Extend glob-patterns for "not" matches without regex

It would be nice to be able to use rclone glob filtering to exclude NOT matches. For example,

A/
B/
C/

to be able to say "NOT /A/** OR /C/**"

To help clarify, it may be helpful for me to say what is currently missing (and maybe I am also wrong!)

Why not regex

Regex can absolutely do this except that regex breaks directory filter rule optimization. At least in my use case, this makes it way too slow to use

Docs:

If any regular expression filters are in use, then no directory recursion optimisation is possible, as rclone must check every path against the supplied regular expression(s).

Why not include A/ and C/"

The reason not to just use a filter rule like:

+ /A/**
+ /C/**
- **

is that rclone will then keep all of /A and all of /C regardless of other filters. If I had no other filters, this would work but it is not general enough. Also, you need to know all directories in the remote besides the ones you don't want

Why not sync remote:A/ rather than remote:

The biggest reason is that I could have other anchored filters (e.g. - /A/sub/**) which would break.

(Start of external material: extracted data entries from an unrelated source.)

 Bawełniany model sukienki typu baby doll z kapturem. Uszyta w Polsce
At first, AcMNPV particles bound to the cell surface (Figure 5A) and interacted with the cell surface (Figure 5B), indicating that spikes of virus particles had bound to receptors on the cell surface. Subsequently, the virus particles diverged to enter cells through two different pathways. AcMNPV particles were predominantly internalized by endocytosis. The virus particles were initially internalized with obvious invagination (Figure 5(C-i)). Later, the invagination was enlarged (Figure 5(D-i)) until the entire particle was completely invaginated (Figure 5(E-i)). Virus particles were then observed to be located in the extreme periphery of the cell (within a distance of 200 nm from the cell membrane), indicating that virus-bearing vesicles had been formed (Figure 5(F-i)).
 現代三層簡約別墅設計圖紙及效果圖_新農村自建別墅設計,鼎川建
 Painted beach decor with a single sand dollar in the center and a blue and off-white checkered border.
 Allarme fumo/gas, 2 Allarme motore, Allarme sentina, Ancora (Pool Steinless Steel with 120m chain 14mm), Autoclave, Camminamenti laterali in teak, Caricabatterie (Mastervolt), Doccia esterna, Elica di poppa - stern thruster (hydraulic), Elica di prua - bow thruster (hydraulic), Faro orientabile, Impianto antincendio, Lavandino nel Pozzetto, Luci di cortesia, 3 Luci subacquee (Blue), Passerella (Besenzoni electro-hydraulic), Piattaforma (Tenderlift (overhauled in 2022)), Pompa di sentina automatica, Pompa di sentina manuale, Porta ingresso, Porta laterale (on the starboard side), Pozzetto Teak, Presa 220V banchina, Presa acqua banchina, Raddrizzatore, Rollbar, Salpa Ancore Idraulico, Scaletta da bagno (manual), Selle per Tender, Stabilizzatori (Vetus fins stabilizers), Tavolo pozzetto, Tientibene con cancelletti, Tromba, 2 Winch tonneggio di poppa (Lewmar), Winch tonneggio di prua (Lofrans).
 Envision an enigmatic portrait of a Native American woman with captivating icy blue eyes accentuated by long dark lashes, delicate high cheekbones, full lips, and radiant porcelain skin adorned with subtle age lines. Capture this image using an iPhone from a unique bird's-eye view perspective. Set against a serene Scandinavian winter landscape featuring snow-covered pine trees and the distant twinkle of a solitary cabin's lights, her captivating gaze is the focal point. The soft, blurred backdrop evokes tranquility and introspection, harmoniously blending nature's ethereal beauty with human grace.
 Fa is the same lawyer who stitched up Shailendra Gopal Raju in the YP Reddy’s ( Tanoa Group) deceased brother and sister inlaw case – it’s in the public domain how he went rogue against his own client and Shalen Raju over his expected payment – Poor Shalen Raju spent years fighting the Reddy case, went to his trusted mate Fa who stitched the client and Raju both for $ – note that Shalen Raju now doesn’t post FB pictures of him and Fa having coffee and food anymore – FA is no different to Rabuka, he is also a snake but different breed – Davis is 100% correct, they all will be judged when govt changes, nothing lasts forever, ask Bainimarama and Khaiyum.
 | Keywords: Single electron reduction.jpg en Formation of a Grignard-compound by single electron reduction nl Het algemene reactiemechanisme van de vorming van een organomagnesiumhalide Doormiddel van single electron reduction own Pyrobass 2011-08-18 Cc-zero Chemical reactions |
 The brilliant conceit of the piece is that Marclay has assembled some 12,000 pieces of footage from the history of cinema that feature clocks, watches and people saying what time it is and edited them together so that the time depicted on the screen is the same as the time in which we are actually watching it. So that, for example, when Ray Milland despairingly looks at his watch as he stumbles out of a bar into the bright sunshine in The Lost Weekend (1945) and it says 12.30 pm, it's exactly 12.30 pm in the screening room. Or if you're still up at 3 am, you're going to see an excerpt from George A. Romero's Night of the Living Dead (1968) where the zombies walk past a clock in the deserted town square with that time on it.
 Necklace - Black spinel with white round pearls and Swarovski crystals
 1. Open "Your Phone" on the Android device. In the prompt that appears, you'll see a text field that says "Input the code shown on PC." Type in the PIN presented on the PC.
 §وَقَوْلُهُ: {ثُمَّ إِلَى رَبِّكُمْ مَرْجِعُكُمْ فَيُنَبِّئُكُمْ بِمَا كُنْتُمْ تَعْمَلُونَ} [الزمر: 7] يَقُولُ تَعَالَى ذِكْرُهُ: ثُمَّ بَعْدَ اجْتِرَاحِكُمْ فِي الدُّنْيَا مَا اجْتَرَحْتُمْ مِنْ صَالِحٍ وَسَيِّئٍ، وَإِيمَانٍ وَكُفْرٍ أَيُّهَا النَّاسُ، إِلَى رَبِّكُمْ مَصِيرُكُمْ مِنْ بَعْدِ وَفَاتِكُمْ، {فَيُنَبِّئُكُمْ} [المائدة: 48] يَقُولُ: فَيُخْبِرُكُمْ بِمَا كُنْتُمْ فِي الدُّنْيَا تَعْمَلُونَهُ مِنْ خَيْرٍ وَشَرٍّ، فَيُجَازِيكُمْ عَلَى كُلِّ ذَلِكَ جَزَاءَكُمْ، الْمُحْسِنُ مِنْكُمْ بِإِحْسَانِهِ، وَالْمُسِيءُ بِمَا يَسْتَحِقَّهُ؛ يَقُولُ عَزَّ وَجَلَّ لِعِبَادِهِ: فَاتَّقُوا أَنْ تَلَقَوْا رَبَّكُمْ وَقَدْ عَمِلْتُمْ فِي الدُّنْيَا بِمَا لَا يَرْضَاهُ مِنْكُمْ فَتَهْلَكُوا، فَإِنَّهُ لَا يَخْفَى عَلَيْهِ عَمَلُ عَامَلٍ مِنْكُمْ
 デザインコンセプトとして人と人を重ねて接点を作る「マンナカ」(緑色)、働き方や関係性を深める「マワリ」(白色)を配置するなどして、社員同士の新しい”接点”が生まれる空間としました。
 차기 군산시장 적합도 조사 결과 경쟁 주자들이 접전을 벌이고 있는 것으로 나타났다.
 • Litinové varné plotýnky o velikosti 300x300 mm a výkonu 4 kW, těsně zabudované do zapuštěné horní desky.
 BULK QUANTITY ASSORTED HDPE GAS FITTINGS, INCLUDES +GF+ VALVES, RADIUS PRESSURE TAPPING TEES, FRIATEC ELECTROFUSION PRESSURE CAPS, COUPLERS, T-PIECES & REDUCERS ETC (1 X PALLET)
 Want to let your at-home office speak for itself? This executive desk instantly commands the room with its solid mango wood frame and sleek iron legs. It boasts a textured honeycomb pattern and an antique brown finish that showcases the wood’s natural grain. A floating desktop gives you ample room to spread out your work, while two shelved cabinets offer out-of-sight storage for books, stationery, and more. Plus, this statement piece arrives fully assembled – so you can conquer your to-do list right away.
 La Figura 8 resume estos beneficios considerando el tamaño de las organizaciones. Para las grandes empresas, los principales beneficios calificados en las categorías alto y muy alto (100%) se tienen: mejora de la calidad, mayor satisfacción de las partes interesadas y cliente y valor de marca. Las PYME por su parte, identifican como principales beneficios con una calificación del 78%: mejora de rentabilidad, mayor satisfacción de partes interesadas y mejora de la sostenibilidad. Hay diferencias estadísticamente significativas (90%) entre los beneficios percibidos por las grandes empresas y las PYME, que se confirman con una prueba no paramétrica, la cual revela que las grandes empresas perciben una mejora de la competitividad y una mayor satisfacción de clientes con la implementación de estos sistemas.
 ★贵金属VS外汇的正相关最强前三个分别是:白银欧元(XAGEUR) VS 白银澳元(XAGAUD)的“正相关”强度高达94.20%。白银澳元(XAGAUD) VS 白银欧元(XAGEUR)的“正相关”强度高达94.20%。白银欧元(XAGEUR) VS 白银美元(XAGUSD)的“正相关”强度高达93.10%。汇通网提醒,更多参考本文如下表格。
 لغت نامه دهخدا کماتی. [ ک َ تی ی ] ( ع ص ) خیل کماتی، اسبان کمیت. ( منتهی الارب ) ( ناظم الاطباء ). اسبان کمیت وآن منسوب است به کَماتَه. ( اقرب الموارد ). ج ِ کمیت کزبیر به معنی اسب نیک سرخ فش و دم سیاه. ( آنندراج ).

Second is that you need to know the top level directories and need a sync call for each.

(This is actually my current approach but it adds this risk).


Again, I may be mistaken on whether this is possible currently, but the alternatives I laid out are the best I could think of and are insufficient for the reasons I mentioned.

Thanks! I welcome all feedback!

instead of words, maybe a real work example with real files, so there is no confusion.

rclone tree . 
/
├── A
│   └── A.txt
├── B
│   └── B.txt
└── C
    └── C.txt

if the above tree is not a good example, the post:

  • the simplest tree of the source.
  • the exact tree of the desired output.

If you put the other filters first then they will run first and take priority.

I'm not sure I understand what you are getting at though :frowning: Maybe an actual example would be helpful?

Let's say my normal sync job is as follows

rclone sync gdrive: onedrive: \
    --filter-from filters.txt

and filters.txt has tons of filters that are anchored and may have lots of deep filters.

Now, I just want to sync a (deep?) subdirectory. I can't just do:

rclone sync gdrive:my/sub/dir onedrive:my/sub/dir \
    --filter-from filters.txt

since filters.txt is now broken and any anchored filters are rooted in gdrive:my/sub/dir.

What I want is something like:

rclone sync gdrive: onedrive: \
    --filter "- <NOT> /my/sub/dir/**" \
    --filter-from filters.txt

so the first filter will exclude everything but the deep subdir (and in an optimized way).

And again, I cannot do:

rclone sync gdrive: onedrive: \
    --filter "+ /my/sub/dir/**" \
    --filter-from filters.txt

because any filters in filter.txt that apply to /my/sub/dir/ will not apply since the positive filter will include it.

I hope this makes more sense!

I see what you mean!

Correct

That is conceptually quite simple.

We currently have +, and - rules. Perhaps we could make +! and -! rules which include the inverse of the match

So you'd have something like

rclone sync gdrive: onedrive: \
    --filter "-! /my/sub/dir/**" \
    --filter-from filters.txt

So -! would mean "exclude everything but" and +! would mean "include everything but".

It is always possible to re-arrange the rules so -! and +! aren't needed I think but in this specific case of combining rules it would be very useful.

Given that ! on its own isn't a valid regular expression, we could introduce this feature with {{!}} instead, to mean this match should be inverted. In that case your example would look like

rclone sync gdrive: onedrive: \
    --filter "- {{!}}/my/sub/dir/**" \
    --filter-from filters.txt

Which could conceivably be more useful elsewhere.

Is that the kind of thing you were thinking of?

Yes!

My only question is to verify that it wouldn’t break directory optimization. Otherwise, I could just accomplish this with regex (I think).

I think either of the proposed syntaxes would work though I prefer the former.

Thanks for taking the time to understand! I am also glad I didn’t just miss it.